Les entreprises françaises peinent à joindre leurs clients par mail

80 %
Au deuxième trimestre 2017, le taux de livraison de mails commerciaux
est tombé à 80 % en France.

Le taux de livraison de mails commerciaux continue de baisser en France, passant de 84 % à 82 % sur un an, selon une étude de Return Path.

En France, 1 mail commercial sur 5 n’atteint pas son destinataire

Le mail a beau être le moyen de communication de choix des entreprises auprès de leurs clients, l'efficacité de cet outil diminue en France. Au troisième et quatrième trimestres 2016, seuls 84 % des mails envoyés ont atteint la boîte de réception de leurs destinataires. Au premier trimestre 2017, ce taux est passé à 83 %, avant de chuter à 80 % au deuxième trimestre. La moyenne sur ces quatre trimestres s'établit donc à 82 %, contre 84 % sur les quatre trimestres précédents.

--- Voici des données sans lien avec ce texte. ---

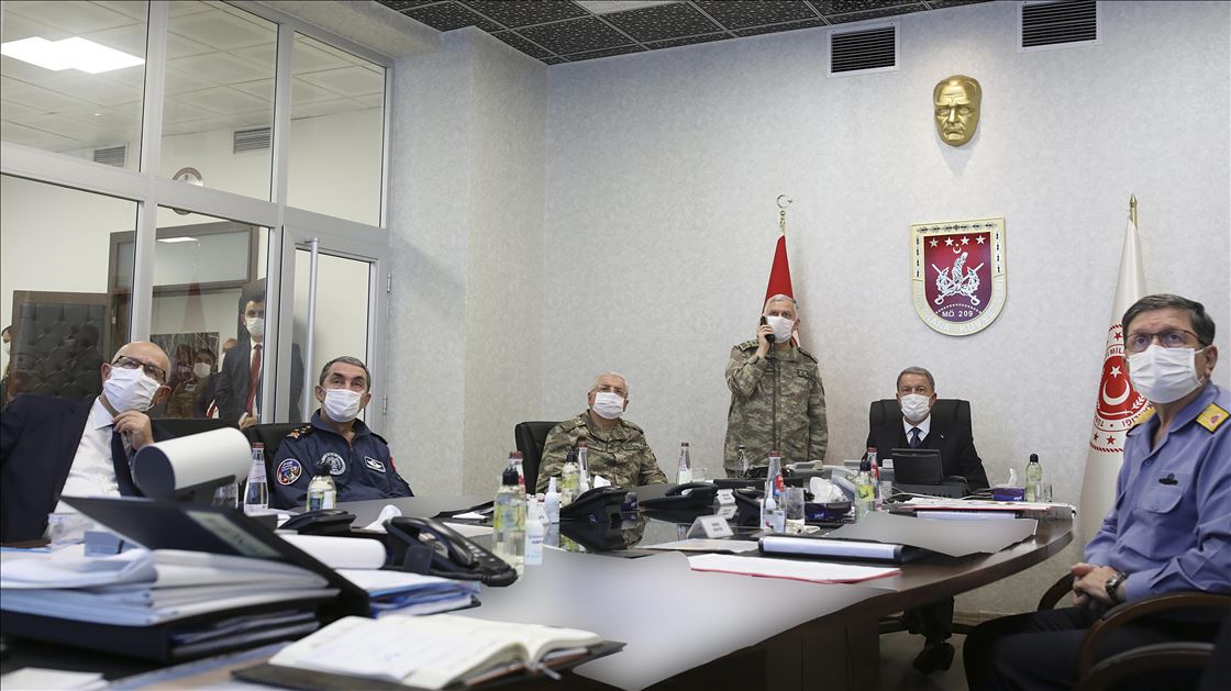 Milli Savunma Bakanı Akar ve TSK Komuta Kademesi, "Pençe-Kaplan Operasyonu"nu Kara Kuvvetleri Komutanlığı Harekat Merkezi'nden sevk ve idare ediyor. ( Arif Akdoğan - Anadolu Ajansı )Arif Akdoğan

La moitié de cette baisse annuelle est attribuable aux mails classés dans le dossier « Spams ».

Les entreprises françaises s'en sortent néanmoins mieux que certains de leurs homologues étrangers. Le taux de livraison est de 80 % au Brésil, de 79 % en Allemagne et de seulement 73 % aux États-Unis. En Espagne, le taux de livraison est le même qu'en France (82 %), tandis qu'au Royaume-Uni il est même supérieur, à 84 % sur les quatre trimestres écoulés. Le Canada et l'Australie ont des performances encore plus élevées, avec un taux de 90 %. En moyenne mondiale, seuls 80 % des mails commerciaux envoyés ont atteint la boîte de réception de leurs destinataires.

La communication commerciale par mail est très encadrée en France

Les secteurs qui font les meilleurs scores dans la livraison de mails sont la banque et la finance (94 % des mails envoyés sont livrés), la production industrielle et la distribution (92 %) et les voyages (90 %). À l'inverse, les taux de livraison les plus bas s'observent dans l'industrie automobile (77 %), les sites de rencontres (77 %) et les services publics (76 %).

En France, la loi exige qu’avant tout envoi par voie électronique, l’entreprise recueille le consentement du consommateur à recevoir de tels messages («opt-in»). Le consentement des consommateurs est également nécessaire lorsqu’une société souhaite céder ou échanger leurs coordonnées électroniques à des fins de prospection commerciale. La Commission Nationale de l'Informatique et des Libertés (CNIL) rappelle que ce consentement doit s’exprimer par un moyen simple et spécifique (par exemple, une case à cocher). Le consentement recueilli par la simple acceptation des conditions générales d’utilisation ou de vente n’est pas valable.